Excellent! Now we have a feeling for working with the lm() functions and a basic understanding of the meaning of the coefficients, when we are using linear regression to model a binary outcome. The reason that we use a linear regression model in this case is, that for these exercises, we want to investigate the relationship between variables rather than obtaining probability predictions, i.e.

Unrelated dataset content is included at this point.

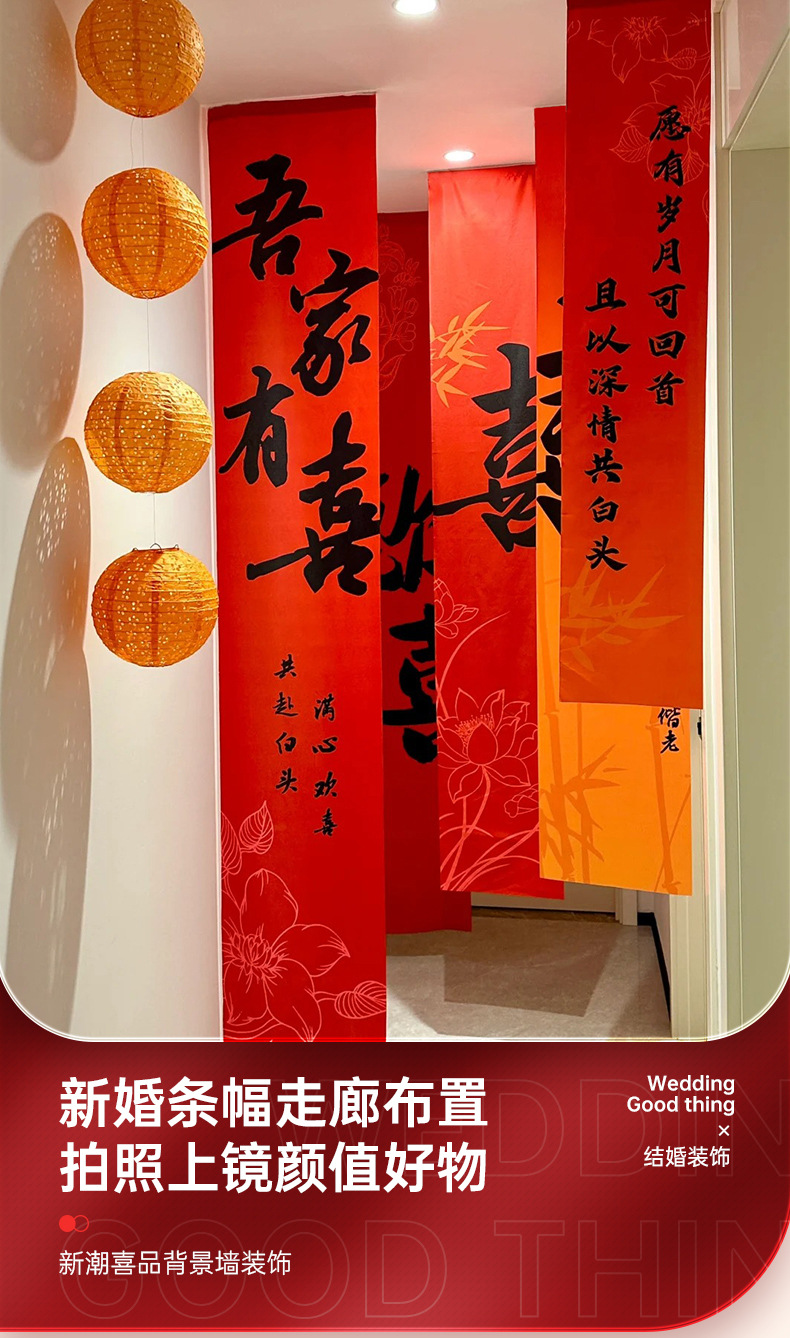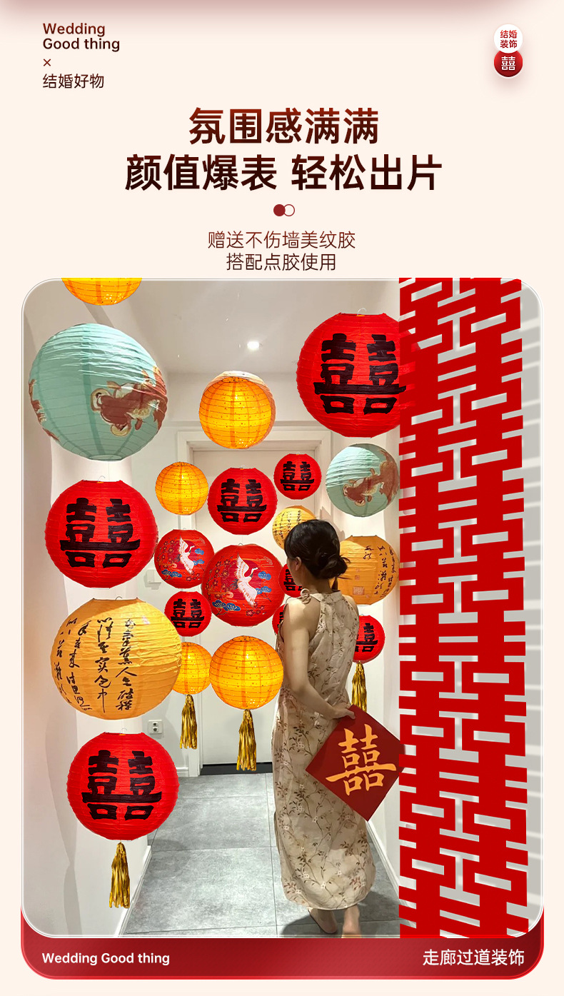 结婚长条喜字纸灯笼新房卧室楼梯订婚礼条幅挂布婚房布置装饰套装

  • What genes are significantly up-/down-regulated between the patients with- and without early metastasis?

So, without further ado, let’s dive in!

All the Genes, all the models

First, the recent couple of years have seen an immense development in unifying the modelling interface in R, which is notoriously inconsistent. You may be familiar with the caret package, the developer of which has created tidymodels, (which I really wish we had time to explore in details). In the following we will work with some of the principles for tidying model object using broom, having object nested in tibbles and working with these using purrr.

Now, you saw above how we could fit one model for one gene. So, we could repeat the procedure you worked through for each gene, but first consider:

  • Q11: How many genes are there in the gravier data set?

Now, we just have to make one model for each gene!

Honestly, let’s not! Also, recall: “We don’t loop, we func!”, so let’s see how that would work.

Models, models everywhere…

In principle, you could overflow your environment with individual model objects, but that would require a lot of code-lines and a lot of hard-coding. But let us instead see if we can come up with something just a tad more clever.

Preparing the Data

First:

  • Q12: Discuss in your group, if the gravier_clean_aug is a “wide” or a “long” dataset?

Once you have agreed upon and understood why, this is a wide data set, proceed and:

  • T9: Create this long version of your gravier_clean_aug data and save it in gravier_clean_aug_long
# A tibble: 488,040 × 3
   early_metastasis gene   log2_expr_level
              <dbl> <chr>            <dbl>
 1                0 g2E09         -0.00144
 2                0 g7F07         -0.00144
 3                0 g1A01         -0.0831 
 4                0 g3C09         -0.0475 
 5                0 g3H08          0.0158 
 6                0 g1A08         -0.0336 
 7                0 g1B01         -0.136  
 8                0 g1int1         0.0180 
 9                0 g1E11          0.0257 
10                0 g8G02          0.00720
# ℹ 488,030 more rows

Click here for hint

Recall which function took a dataset from “wide” to “long” format and also the three parameters of interest for that function is cols, names_to and values_to. If you look at my example, you will see that the columns we have pivoted have types <chr> and <dbl>, these will map to the names_to and values_to parameters respectively. The cols can be used with the so-called “helper-functions”, that we have previously talked about. If you look at the gene-columns in the data, all the genes starts with a “g”, so we can use the helper functions starts_with() and then give the argument “g” to the match parameter

The reason we want the “long” version of the data set is, that now we have ALL the genes defined in ONE gene column. This means that we can use group_by() to work per gene without looping (Recall: Don’t loop, only func!).

Now:

  • T10: Create a dplyr pipeline, use the group_by() function to group your gravier_clean_aug_long dataset by gene and then add the nest() and ungroup() functions to your pipeline
# A tibble: 2,905 × 2
   gene   data              
   <chr>  <list>            
 1 g2E09  <tibble [168 × 2]>
 2 g7F07  <tibble [168 × 2]>
 3 g1A01  <tibble [168 × 2]>
 4 g3C09  <tibble [168 × 2]>
 5 g3H08  <tibble [168 × 2]>
 6 g1A08  <tibble [168 × 2]>
 7 g1B01  <tibble [168 × 2]>
 8 g1int1 <tibble [168 × 2]>
 9 g1E11  <tibble [168 × 2]>
10 g8G02  <tibble [168 × 2]>
# ℹ 2,895 more rows

Note, this is conceptually a super-tricky data structure!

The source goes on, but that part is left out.